Supervisory BOPEC ratings were assigned to bank holding companies (BHCs) during the years 1987 to 2004 as a summary of their overall performance and level of supervisory concern. In this article, we examine the stability of the BOPEC ratings assigned over that period. We model supervisory ratings using balance sheet variables, and our analysis suggests that BOPEC rating standards varied over time. Supervisors seem to have applied more stringent rating standards from 1989 to 1992, a period marked by a recession and a large degree of distress in the banking sector. Rating standards then eased during the economic recovery from 1993 to 1998, before showing increasing signs of toughness again from 1999 through 2004. Based on our estimated model parameters, we find that, in some cases, up to 25 percent of the BHCs that were assigned a BOPEC rating in a \"tough\" year would have been given a better rating in an \"easy\" year.
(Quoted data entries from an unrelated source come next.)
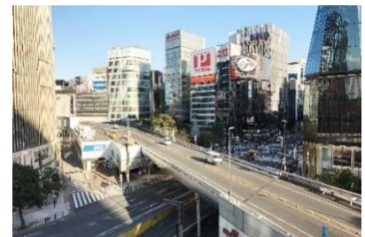
Present-day KK Line

This two-kilometer stretch from Shimbashi to Kyobashi has played many roles over the years, always acting as a form of social infrastructure and supporting the needs of the people and the local economy. Until the early 20 th century it served as a transit way for boats, while in the postwar era it supported road traffic. In the Tokyo of the 21 st century, it will become a green link connecting several of the city’s districts.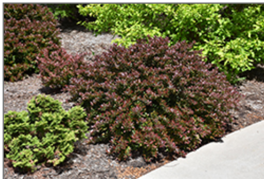
Concorde Japanese Barberry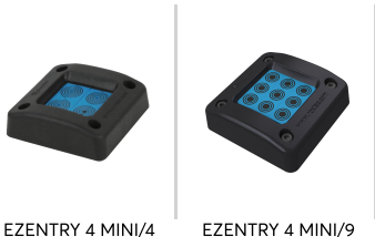
EZENTRY 4 MINI/4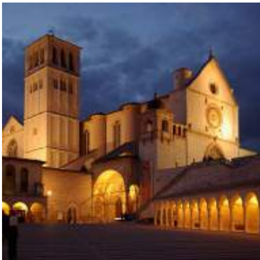
Assisi_san Francesco cathedral

The club wants to make the event exciting and unforgettable for both drivers and their families!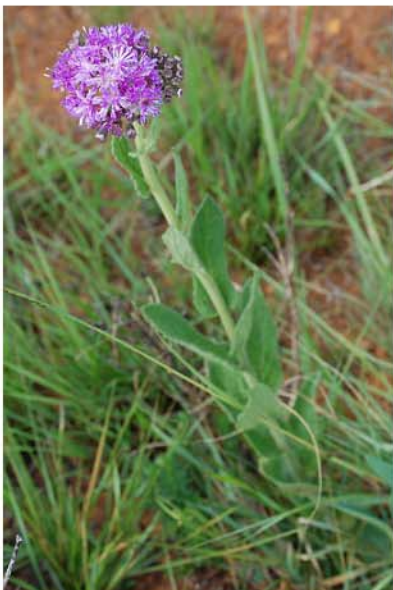
Senecio purpureus L. (?) Mt Tsetsera, grasslands towards the top of the plateau, E 32.79926601, S 19.38158055; UTM36-WGS84 478921.359,7856938.374; alt 2200 m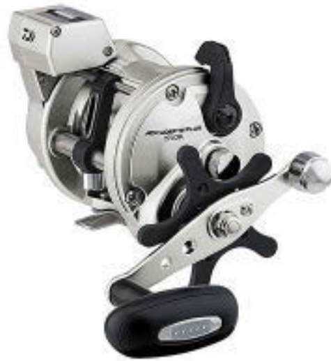
Daiwa ACCUDEPTH 27LCB Right/Left Hand $69 w/free line Reg. Price w/line $81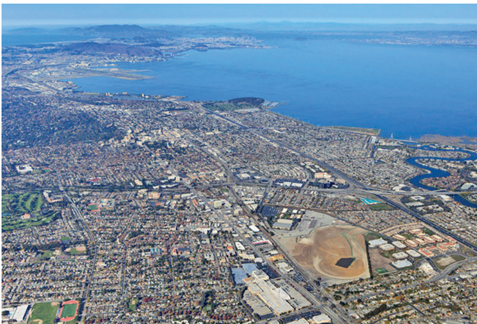
Aerial view of Station Area, looking north to the bay.

The Station Area is bounded on the west by residential neighborhoods, on the north by residential neighborhoods and retail areas along El Camino Real, on the east by the Bay Meadows Phase II project area, and to the south by retail areas and the Hillsdale Gardens development.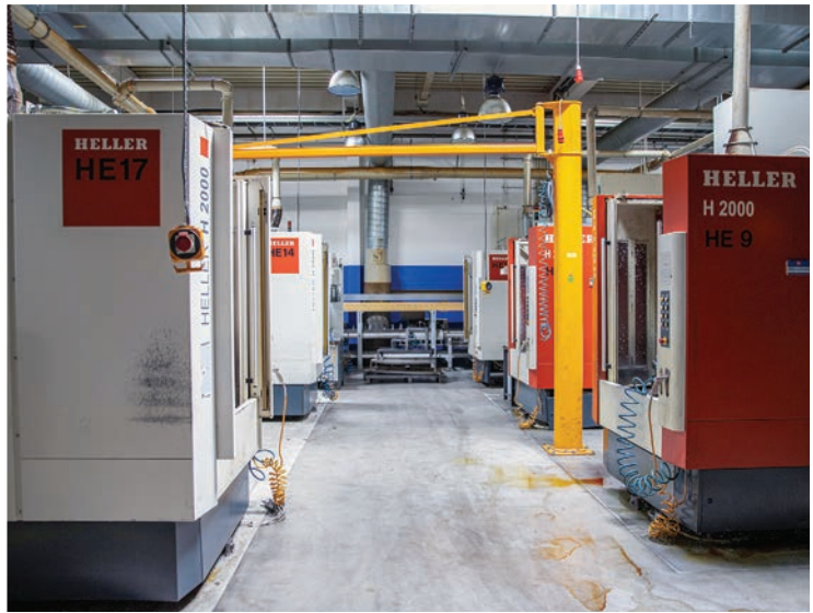
HELLER CNC Machining Centers with Crane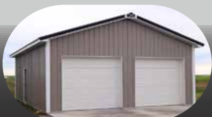
24 x 32 x 10 | $3,000 Discount

-MQS BUILDINGS ARE INSTALLED BUILDINGS ONLY -NO KITS AVAILABLE -DISCOUNTS MAY VARY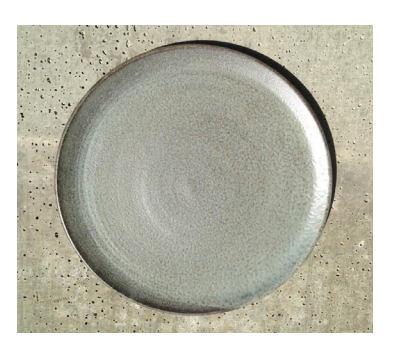
Slope Rim Plate Black glaze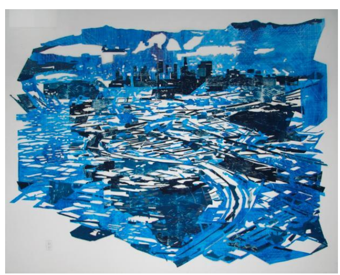
Overland 16, 2013, Cyanotype, Ink, Pencil and Pigment on Cut Paper 96 x 140

I've never had an interest in making something look real, and I still don't. I am much more interested in documenting and creating a dynamic viewing experience.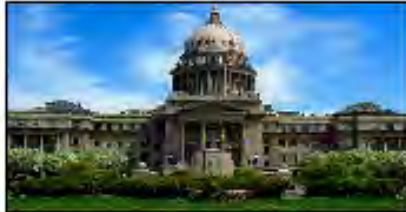
Idaho State Capitol

2015 Liberty Symposium June 17th, 18th, 19th & 20 th State Capitol- Boise, Idaho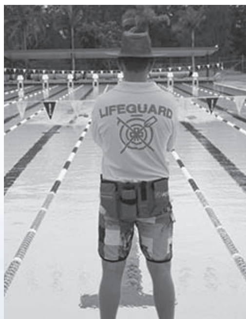
Pool Lifeguard Training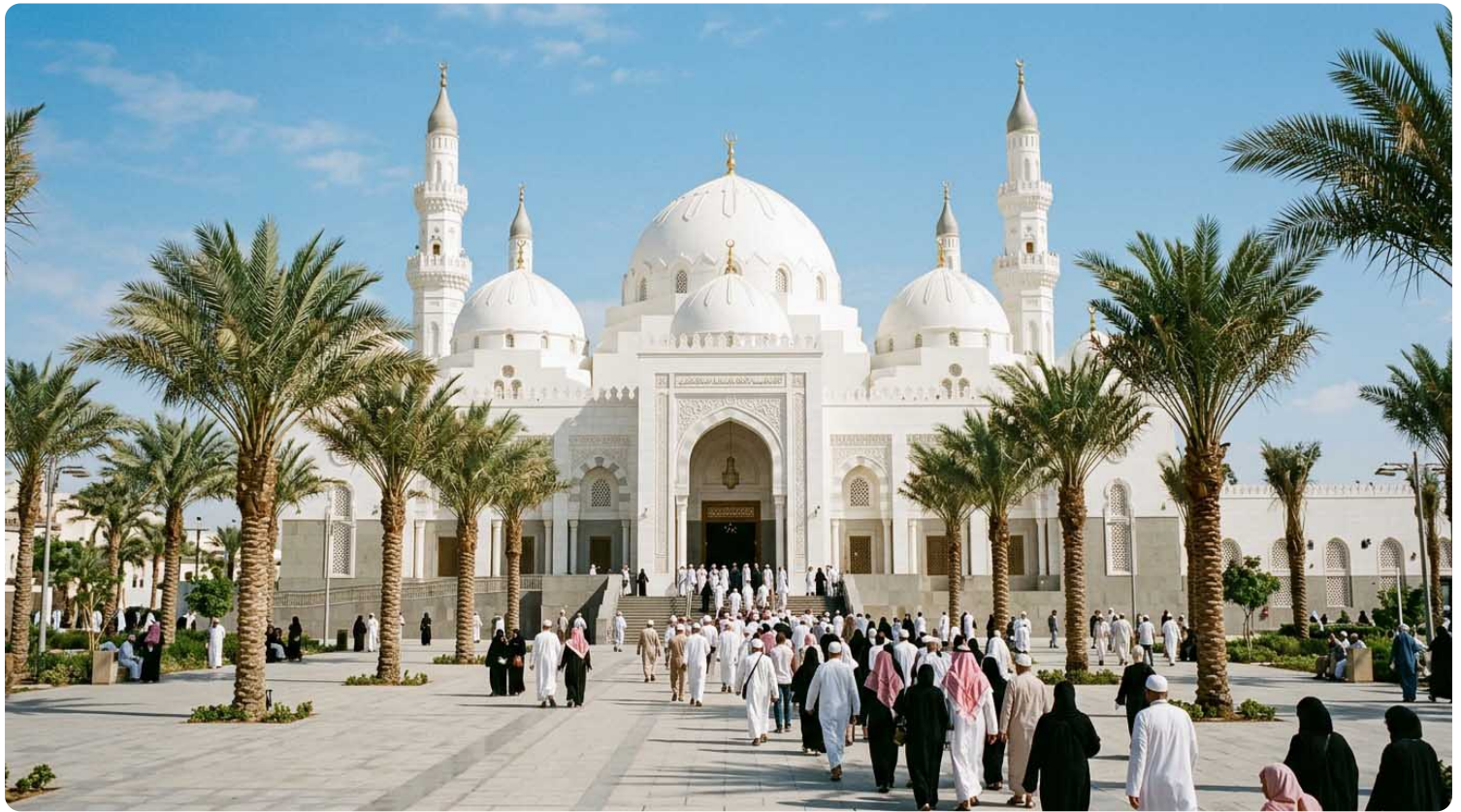
masjid quba first mosque in islam madinah after renovation

UK tip: Go on Saturday morning — following the Prophet’s Sunnah. And if you want to learn more about Umrah, read our step-by-step Umrah guide .

The reasons for the observed variation in supervisory standards could be changes in supervisory behavior, but they are also surely related to the substantial changes that occurred within the U.S. banking system over this 17-year period.

Suggested Citation

  • John Krainer & Jose A. Lopez, 2009. "Do supervisory rating standards change over time?," Economic Review, Federal Reserve Bank of San Francisco, pages 13-24.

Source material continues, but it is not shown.